## INFORMATION PROVIDED
^^^^^^^^
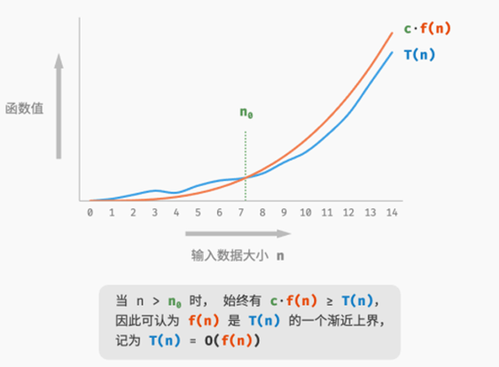 若存在正实数 𝑐 和实数 𝑛0 ,使得对于所有的 𝑛 > 𝑛0 ,均有 𝑇(𝑛) ≤ 𝑐 ⋅ 𝑓(𝑛) ,则可认为 𝑓(𝑛) 给 出了 𝑇(𝑛) 的一个渐近上界,记为 𝑇(𝑛) = 𝑂(𝑓(𝑛)) 。
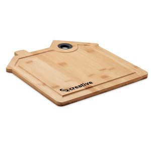 House shaped cutting board in bamboo with groove and hanging hole.
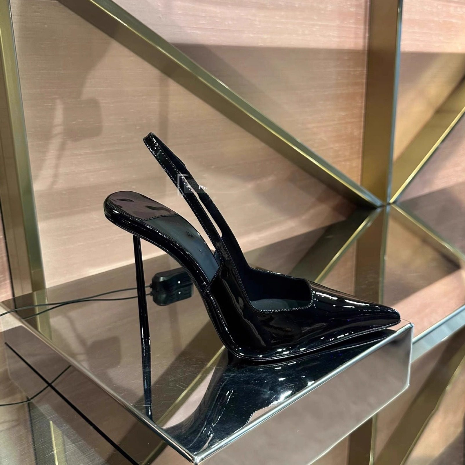 欧美黑色漆皮尖头超浅口红底一字带高跟鞋女细跟交叉绑带凉鞋单鞋
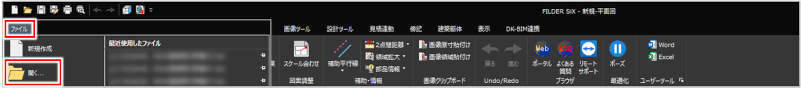 既存の図面ファイルを[開く]コマンドから開きます。FILDER SiXの画面に、図面ファイルをドラッグ&ドロップして開くこともできます。
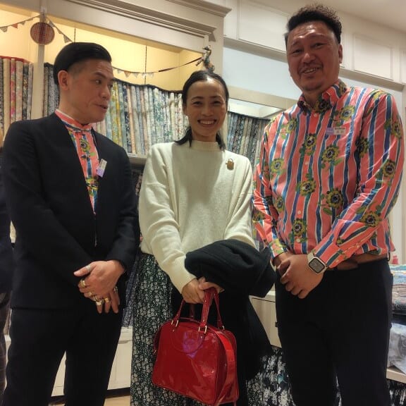 お店に着くと、皆さんお気に入りのリバティのお洋服を身に着けた方がたくさん!なのですが、社長さんは、片っ端からその柄の名前や布が日本製かイギリ製かサラサラ〜っと答えられ、掴みはOK!
^^^^^^^^
## PROMPT
Print the material above once more, exactly, minus the pictures.

## YOUR SOLUTION
 若存在正实数 𝑐 和实数 𝑛0 ,使得对于所有的 𝑛 > 𝑛0 ,均有 𝑇(𝑛) ≤ 𝑐 ⋅ 𝑓(𝑛) ,则可认为 𝑓(𝑛) 给 出了 𝑇(𝑛) 的一个渐近上界,记为 𝑇(𝑛) = 𝑂(𝑓(𝑛)) 。
 House shaped cutting board in bamboo with groove and hanging hole.
 欧美黑色漆皮尖头超浅口红底一字带高跟鞋女细跟交叉绑带凉鞋单鞋
 既存の図面ファイルを[開く]コマンドから開きます。FILDER SiXの画面に、図面ファイルをドラッグ&ドロップして開くこともできます。
 お店に着くと、皆さんお気に入りのリバティのお洋服を身に着けた方がたくさん!なのですが、社長さんは、片っ端からその柄の名前や布が日本製かイギリ製かサラサラ〜っと答えられ、掴みはOK!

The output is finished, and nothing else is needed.